If you’re failing some tests and you’re not sure why, you can print the pure markup of the Wikipedia Page - to examine both the correct first link and the first link your code is finding - as well as print your counters to figure out why your code is not accounting for the first link correctly.
The WikipediaGame class
Finally, you are ready to write the WikipediaGame class. There are 2 methods to write in this class that together implement the Philosophy Game.
private static List<String> runGame(String start)
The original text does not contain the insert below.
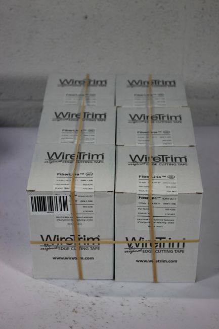 Six boxes of as new WireTrim FiberLine Heavy Duty 1/4" x 100FT (6mm x 30mm), 10 rolls per box.
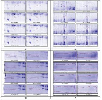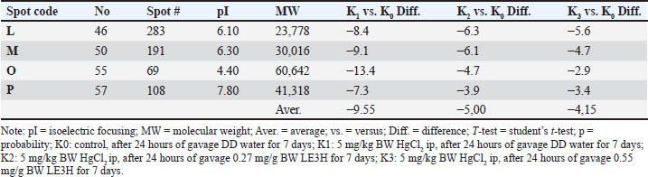Figure 5. Four selected protein spots (L, M, O, and P) presence significantly decreased influenced by HgCl2 treatment, and then LE3H administration returned the presence of these proteins to close to control conditions. The red circles indicate the selected protein spots. Table 5. K1 versus K0, K2 versus K0, and K3 versus K0 of the four protein spots (L, M, O, and P) for protein identification in accordance with the experimental hypothesis.

This method should take the title (in URL format, such as “Messier_63”) of a Wikipedia Page and then follow the first link on it to get the next page, and do so repeatedly until 1) it reaches the Wikipedia page for “Philosophy” 2) reaches a Wikipedia page that has already visited, meaning it is stuck in a cycle that does not include “Philosophy” 3) reaches a page which has no next links 4) reaches an invalid page 5) has visited 100 pages. It returns the list of titles of all the Wikipedia pages visited, regardless of whether the algorithm succeeds or fails to find “Philosophy”.
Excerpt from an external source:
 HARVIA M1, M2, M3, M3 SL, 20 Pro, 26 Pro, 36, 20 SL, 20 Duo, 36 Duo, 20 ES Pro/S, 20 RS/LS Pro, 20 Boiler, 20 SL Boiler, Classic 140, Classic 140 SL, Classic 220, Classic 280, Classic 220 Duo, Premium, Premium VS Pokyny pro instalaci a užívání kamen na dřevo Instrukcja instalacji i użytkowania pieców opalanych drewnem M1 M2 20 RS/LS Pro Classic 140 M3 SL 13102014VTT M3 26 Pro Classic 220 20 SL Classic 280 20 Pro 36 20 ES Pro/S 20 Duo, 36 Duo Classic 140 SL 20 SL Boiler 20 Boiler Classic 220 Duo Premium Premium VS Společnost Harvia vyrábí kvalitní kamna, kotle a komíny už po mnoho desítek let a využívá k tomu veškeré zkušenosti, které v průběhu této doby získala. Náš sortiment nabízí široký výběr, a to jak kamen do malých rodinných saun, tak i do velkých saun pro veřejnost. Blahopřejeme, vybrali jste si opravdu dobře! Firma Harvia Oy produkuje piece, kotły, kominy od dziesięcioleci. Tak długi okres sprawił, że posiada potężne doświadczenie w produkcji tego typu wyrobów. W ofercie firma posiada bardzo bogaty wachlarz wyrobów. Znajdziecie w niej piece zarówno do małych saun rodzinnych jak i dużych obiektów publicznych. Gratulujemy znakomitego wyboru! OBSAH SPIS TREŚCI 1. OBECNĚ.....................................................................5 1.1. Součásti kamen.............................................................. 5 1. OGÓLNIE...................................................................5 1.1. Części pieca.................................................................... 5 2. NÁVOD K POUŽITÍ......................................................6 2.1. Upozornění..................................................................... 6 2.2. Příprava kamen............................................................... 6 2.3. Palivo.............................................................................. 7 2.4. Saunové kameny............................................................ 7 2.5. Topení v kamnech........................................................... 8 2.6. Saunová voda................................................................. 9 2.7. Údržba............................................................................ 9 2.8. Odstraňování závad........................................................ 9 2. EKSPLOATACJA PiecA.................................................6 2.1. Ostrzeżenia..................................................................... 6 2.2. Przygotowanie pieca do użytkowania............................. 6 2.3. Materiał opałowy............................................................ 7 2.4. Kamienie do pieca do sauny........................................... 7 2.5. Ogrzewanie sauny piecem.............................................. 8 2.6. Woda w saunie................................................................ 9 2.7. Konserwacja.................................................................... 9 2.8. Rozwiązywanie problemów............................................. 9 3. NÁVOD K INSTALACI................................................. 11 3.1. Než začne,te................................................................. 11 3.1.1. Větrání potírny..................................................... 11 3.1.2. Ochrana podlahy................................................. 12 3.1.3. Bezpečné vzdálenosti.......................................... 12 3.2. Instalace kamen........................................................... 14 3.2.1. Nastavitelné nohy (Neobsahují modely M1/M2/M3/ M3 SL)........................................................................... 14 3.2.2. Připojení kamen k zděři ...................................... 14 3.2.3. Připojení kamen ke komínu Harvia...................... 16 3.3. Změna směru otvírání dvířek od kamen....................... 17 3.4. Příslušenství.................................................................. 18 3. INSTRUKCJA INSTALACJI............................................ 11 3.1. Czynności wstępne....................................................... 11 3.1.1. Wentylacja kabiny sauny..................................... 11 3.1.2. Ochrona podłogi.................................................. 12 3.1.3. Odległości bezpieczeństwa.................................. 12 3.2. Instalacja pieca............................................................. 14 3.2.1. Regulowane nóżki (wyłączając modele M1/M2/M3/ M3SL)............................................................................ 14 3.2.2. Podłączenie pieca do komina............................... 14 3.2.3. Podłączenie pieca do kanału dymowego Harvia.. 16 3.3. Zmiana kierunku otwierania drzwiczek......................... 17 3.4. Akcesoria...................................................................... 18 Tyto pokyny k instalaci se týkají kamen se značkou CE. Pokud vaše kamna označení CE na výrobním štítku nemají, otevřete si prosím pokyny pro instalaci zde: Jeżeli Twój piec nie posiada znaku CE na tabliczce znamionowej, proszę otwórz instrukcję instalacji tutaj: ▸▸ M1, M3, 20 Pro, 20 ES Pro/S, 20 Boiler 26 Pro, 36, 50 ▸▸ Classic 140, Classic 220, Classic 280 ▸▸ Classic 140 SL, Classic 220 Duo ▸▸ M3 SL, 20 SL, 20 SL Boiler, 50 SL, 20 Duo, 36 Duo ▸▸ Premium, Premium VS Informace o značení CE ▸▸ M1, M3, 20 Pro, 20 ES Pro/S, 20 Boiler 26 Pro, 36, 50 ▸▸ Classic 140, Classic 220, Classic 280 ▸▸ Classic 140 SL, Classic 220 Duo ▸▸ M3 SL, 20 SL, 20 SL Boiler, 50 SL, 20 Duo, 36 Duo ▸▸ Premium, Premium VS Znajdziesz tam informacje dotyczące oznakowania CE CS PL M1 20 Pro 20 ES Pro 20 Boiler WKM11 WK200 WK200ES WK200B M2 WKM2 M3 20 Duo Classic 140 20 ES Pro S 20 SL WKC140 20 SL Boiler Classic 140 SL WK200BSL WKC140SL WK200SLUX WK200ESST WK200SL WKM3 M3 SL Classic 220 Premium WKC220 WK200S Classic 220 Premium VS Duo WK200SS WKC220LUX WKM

public static void main(String[] args)
This method accepts textual input from the user in the terminal (consider using Scanner
for this) corresponding to the starting Wikipedia page and then calls runGame
on it, and prints out either “Unsuccessful search.” or “Found path!” followed by the path of pages the algorithm followed.
An example of what an unsuccessful search should look like:
Starting Page: Hello_World
Unsuccessful search.
Hello World -> "hello, World!" Program -> Computer Program -> Sequence -> Mathematics -> Number Theory -> Pure Mathematics -> Mathematics
An example of a successful search would be:
Starting Page: Hello
Found path!
Hello -> Salutation -> Greeting -> Communication -> Information -> Abstraction -> Rule Of Inference -> Philosophy Of Logic -> Philosophy
Note: the algorithm terminated in the first case because it visited an already visited page again and in the second case because it reached Philosophy. Every part of this output was printed by the program except for “Hello_World” or “Hello” which was typed by the user. Make sure to use nextLine()
from the Scanner
class to get the user input.
Run the WikipediaGame Functionality tests on your code. They should all be passing at this point. Feel free to play around with your program and try different Wikipedia pages. Note that the program isn’t perfect and fails to identify the correct first link in very rare circumstances, because Wikitext is complicated and accounting for all edge cases correctly while parsing it to find the next page would be out of the scope of this project.
Committing and Pushing to the Repository
A “commit” is version control language for a chunk of changes that mean something when grouped together. Importantly, commits will only stay locally on your machine
until you push them to the gitlab
server.
To commit to the repository, click the green checkmark on the top-right of IntelliJ’s interface. A window will pop up and
ask you to type in a message. Choose some meaningful description of your feature, then click the little down arrow next to the “Commit” button on the bottom right of the dialog.
Choose “Commit and Push” in the little menu that pops up. If IntelliJ asks you if you’re sure you want to commit and push, say yes.
Turning in the Project
We have provided a test suite for this project, which you can run by clicking the play button in the top right corner of IntelliJ. PLEASE make sure all of these tests are passing before turning in the project!
To turn in the project, fill out this form to notify the graders that there is a submission!